The buddy-cop storyline is typically predicated on the interplay of two characters with traits that clash but also strangely intertwine to create some sort of harmony or unforeseen fondness. _The Heat_ appropriately addresses this requirement with FBI Agent Sarah Ashburn (Sandra Bullock) and Boston street cop Shannon Mullins (Melissa McCarthy). The storyline also needs a disapproving authority structure, which _The Heat_ also delivers in the form of Captain Woods, Boston PD (Tom Wilson) and Agent Hale, FBI (Damian Bichir). And, of course, it needs a cadre of evil. _The Heat_ has that nailed down in stereo with the dual headed crime beast of the body chopping Julian (Michael McDonald) and a kingppin mastermind named Larkin (spoiler, left unidentified).

[img]http://www.hometheatershack.com/news/TH2.jpg[/img]
Agent Ashburn is an interpersonal nightmare. She’s stiff, sarcastic, arrogant, competitive, and does things by the book. Her colleagues hate her. Not just a dislike...ohhh-no...there’s a true disdain for her snarky presence. Ashburn’s private life is dull and lonely, so dull that her evenings are spent with her neighbor’s cat. Despite all of her social shortcomings, Ashburn is a good Agent and has experienced success during her tenure at the agency. Her boss at the New York FBI field office, Hale, is being promoted and Ashburn wants his job. He doesn’t want to promote her but tells her she would be considered for the position if she’s able solve the case of a drug lord in Boston named Larkin.
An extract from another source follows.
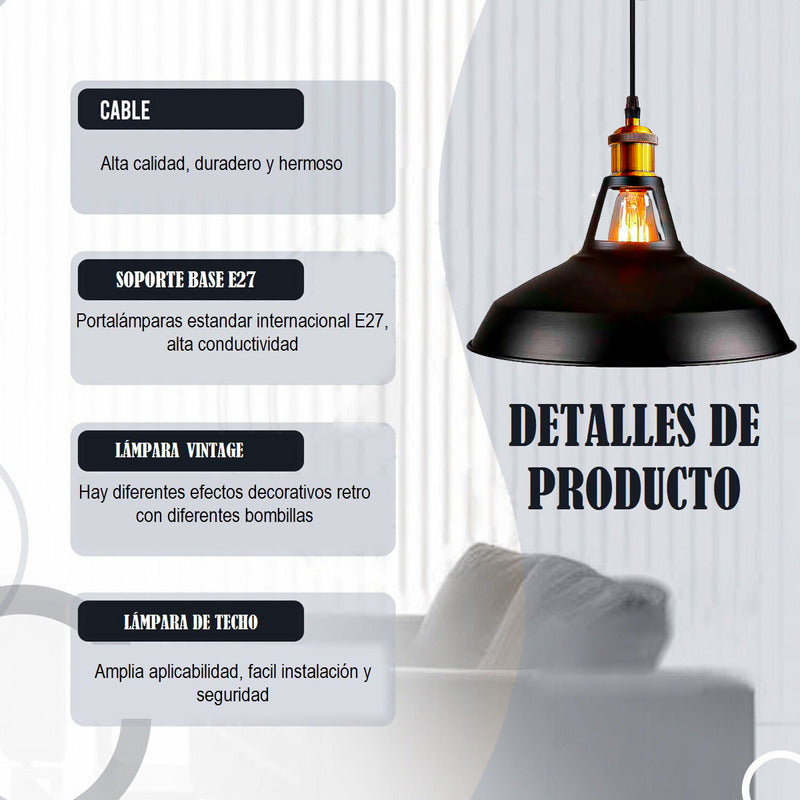 La pantalla colgante industrial es adecuada para cualquier bombilla incandescente o LED con base E27 estándar (bombilla no incluida), fácil instalación, luz uniforme, foco suave, bajo consumo de

Ashburn, seeing the promotion as hers to refuse, jumps at the opportunity and rushes off to Boston.

This is where we are introduced to Officer Shannon Mullins. Mullins is absolutely obnoxious. She’s unorthodox, pushy, rude, crude, and condescending. She does everything BUT follow the book. Her colleagues not only dislike her, they flat-out fear her and quake at the thought of crossing her path. Captain Woods, her superior, has zero control over Mullins and is essentially her personal punching bag. 

Mullins and Ashburn are abruptly introduced at a Boston police station and the clash of personalities and style are immediate and ridiculously fun. It’s book-smarts versus street smarts...by the book versus throwing the booking. Unfortunately for Ashburn, Mullins is on the case of a small time dealer that has ties to Larkin and it doesn’t take long for Ashburn to realize that Mullins is in her way (and a handful to boot). She balks at the idea of teaming with Mullins and calls her boss who promptly tells that she’d better work-it-out with Mullins, or else! Thus, their partnership is forged, for better or for worse. 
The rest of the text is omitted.